E-cigarettes come in many variations, such as cigarette-shaped, pen-shaped, and tank-shaped styles. Some e-cigarettes look like traditional cigarettes, but others do not. There are three main types of e-cigarettes: cigalikes, looking like cigarettes; eGos, bigger than cigalikes with refillable liquid tanks; and mods, assembled from basic parts or by altering existing products.

E-cigarette components include a mouthpiece, a cartridge (liquid storage area), a heating element/atomizer, a microprocessor, a battery, and some have a LED light on the end. E-cigarettes are sold in disposable or reusable variants. Most versions are reusable, though some are disposable. They range in cost from under $10 to over $200. An entry-level reusable e-cigarette costs around $25.

Disposable e-cigarettes are discarded once the liquid in the cartridge is used up, while rechargeable e-cigarettes may be used indefinitely. Even with rechargeable cigarettes (pod-based systems), there is a risk of littering. There are thoughts on how to prevent pods from ending up in the environment (i.e. a deposit-system for e-cigarette pods).
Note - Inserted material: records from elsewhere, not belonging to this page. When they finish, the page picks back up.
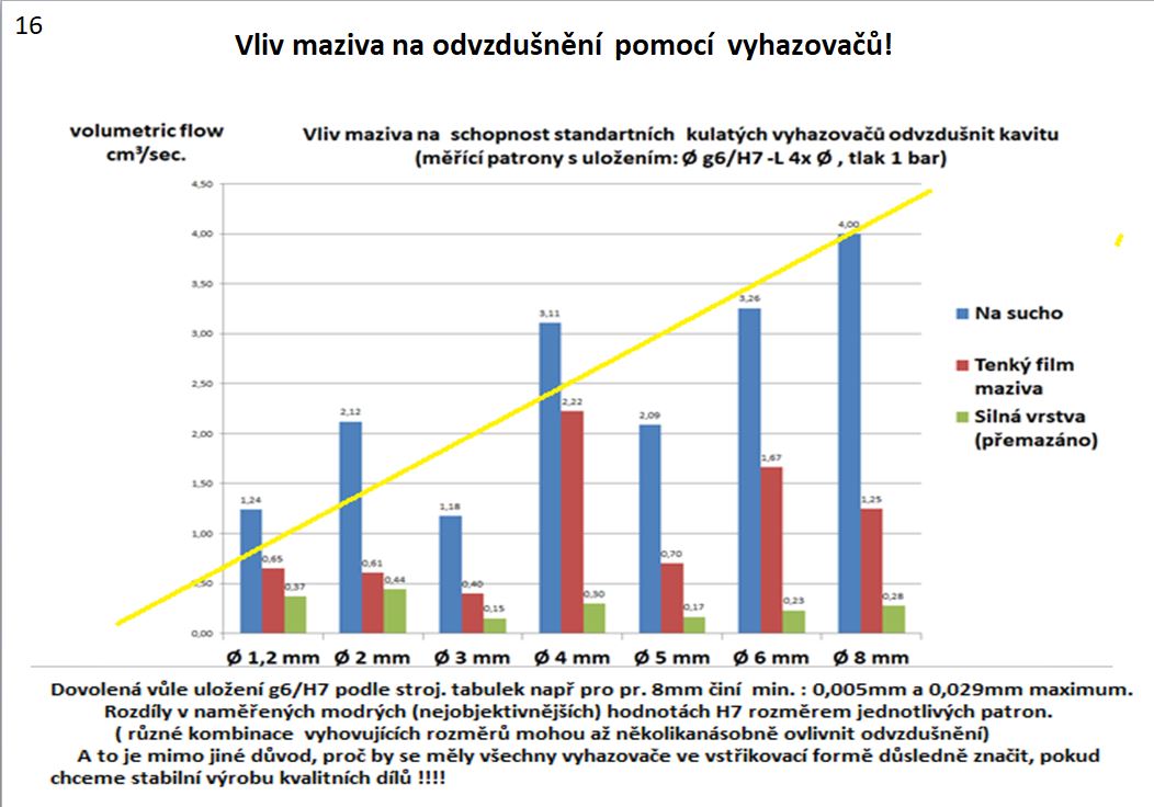 V grafu jsou i hodnoty naměřené pro namazání vyhazovačů tenkým filmem, nebo silnou vrstvou maziva.
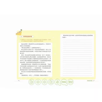 透過「作品理解」、「精華概要練習」、「自我評量」的題目引導,培養孩子的思考能力和寫作能力,加深孩子對文學名著的印象,並嘗試創作出屬於自己的作品。
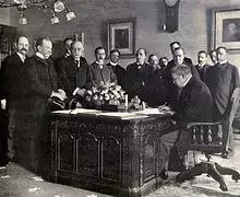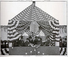 Ohio's governor had relatively little power—for example, he could recommend legislation, but not veto it—but with Ohio a key swing state, its governor was a major figure in national politics.[75] Although McKinley believed that the health of the nation depended on that of business, he was evenhanded in dealing with labor.[76] He procured legislation that set up an arbitration board to settle work disputes and obtained passage of a law that fined employers who fired workers for belonging to a union.[77]
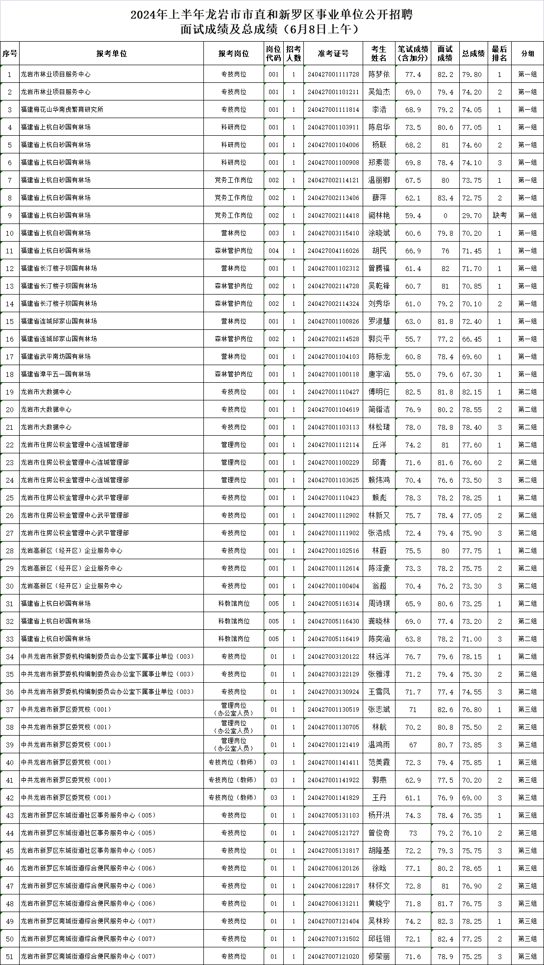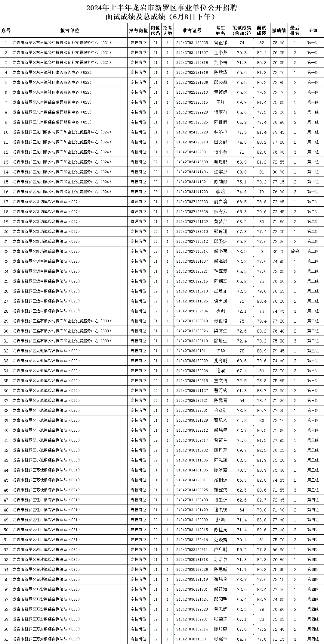 您當(dāng)前的位置:首頁 > 新聞動態(tài) > 2024年上半年龍巖市市直和新羅區(qū)事業(yè)單位公開招聘面試成績及總成績公布(6月8日)
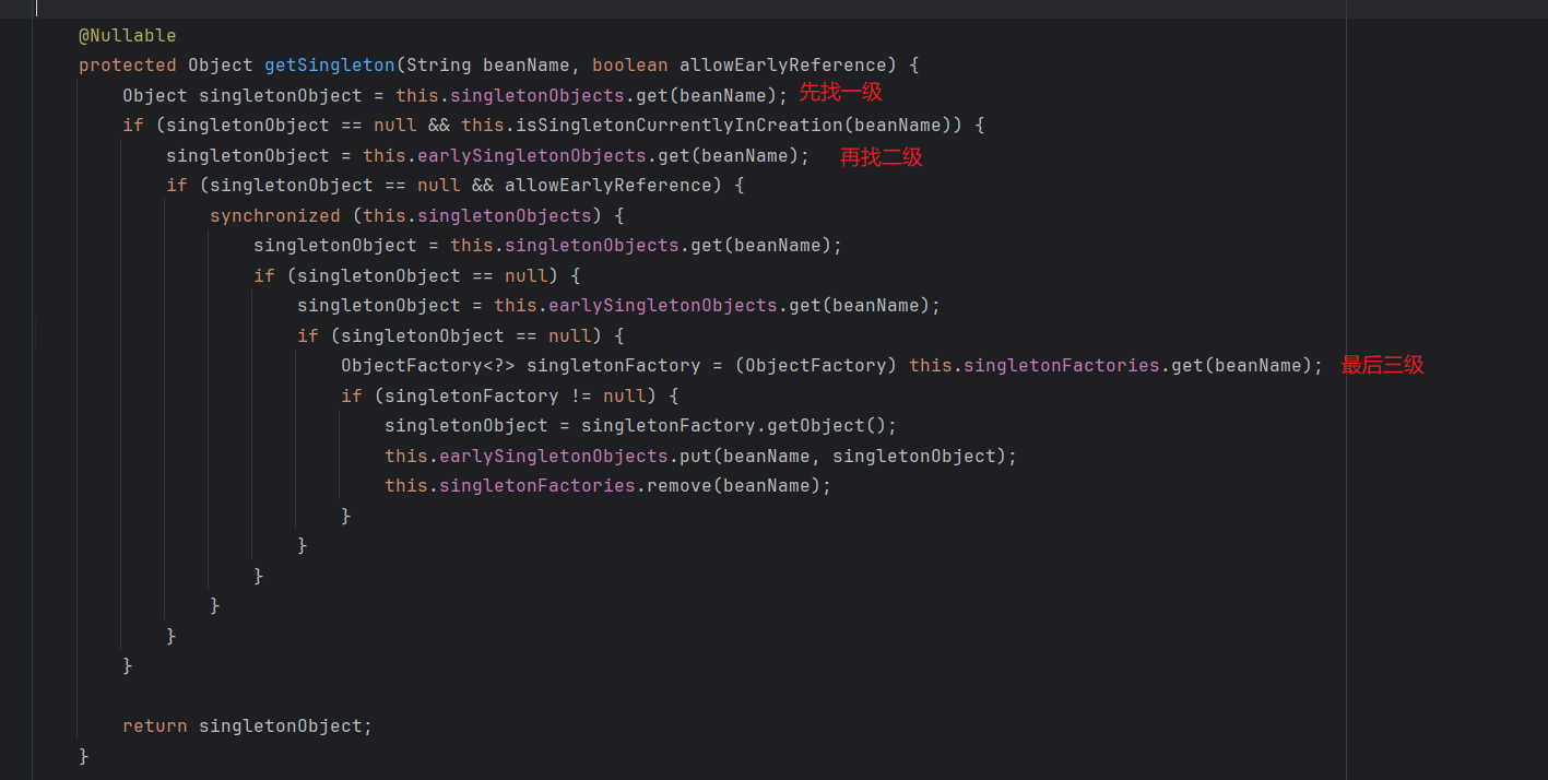 三级缓存singletonFactories:存储半成品,对象未被引用,一开始存储地点
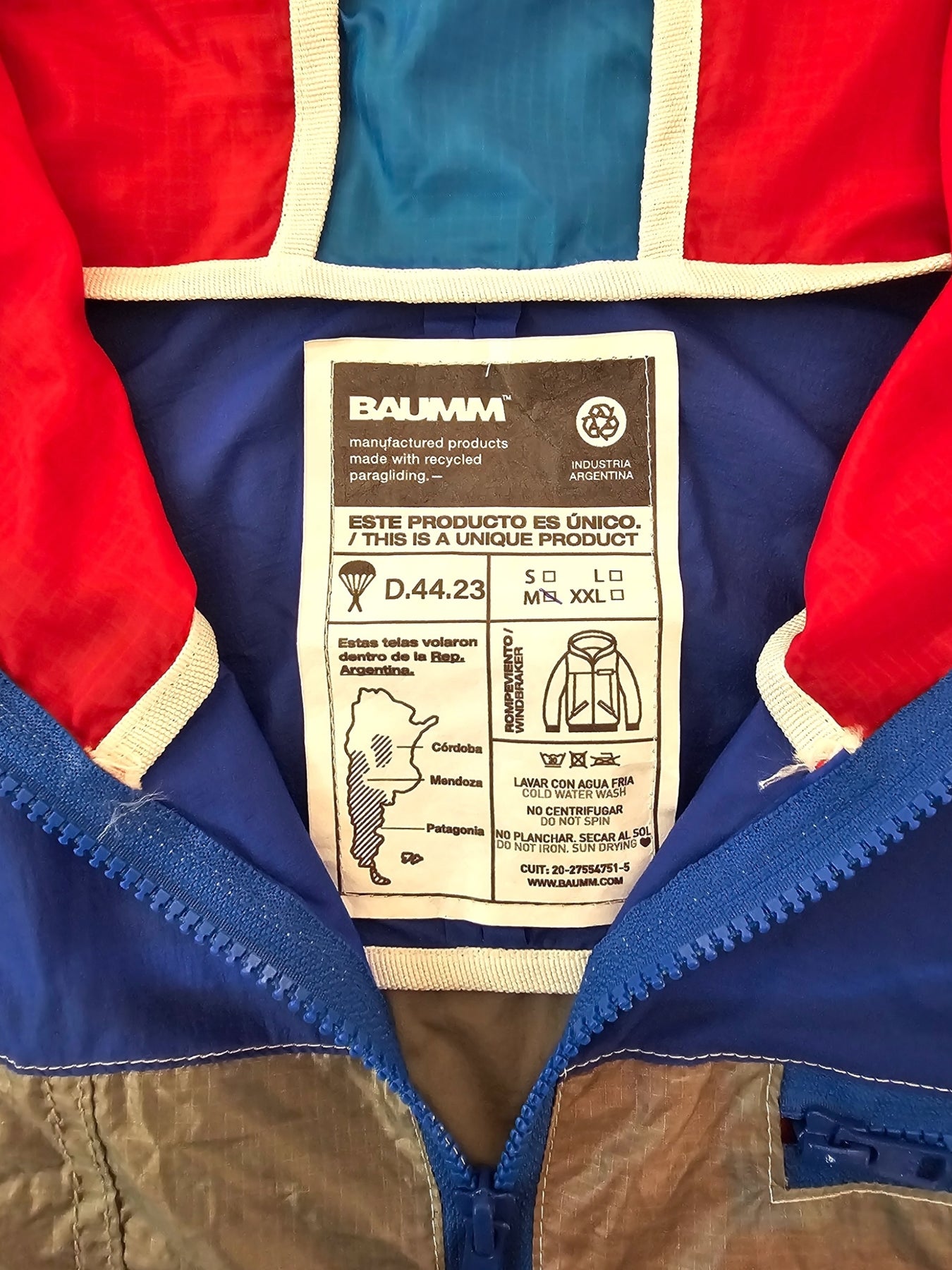 This is a parachute jacket – literally. The Buenos Aires-based Baumm makes colorful windbreakers from a patchwork of over 24 pieces cut from discarded parachutes that have maxed out their flight hours. It is lightweight, windproof, water resistant, super sustainable, one-of-a-kind, and downright awesome.

One piece devices are normally disposable.

E-cigarettes are typically designed as one, two, three or multiple pieces. A disposable e-cigarette lasts to around 400 puffs. Reusable e-cigarettes are refilled by hand or exchanged for pre-filled cartridges, and general cleaning is required. A wide range of disposable and reusable e-cigarettes exist. Disposable e-cigarettes are offered for a few dollars, and higher-priced reusable e-cigarettes involve an up-front investment for a starter kit. Some e-cigarettes have a LED at the tip to resemble the glow of burning tobacco. The LED may also indicate the battery status. The LED is not generally used in personal vaporizers or mods.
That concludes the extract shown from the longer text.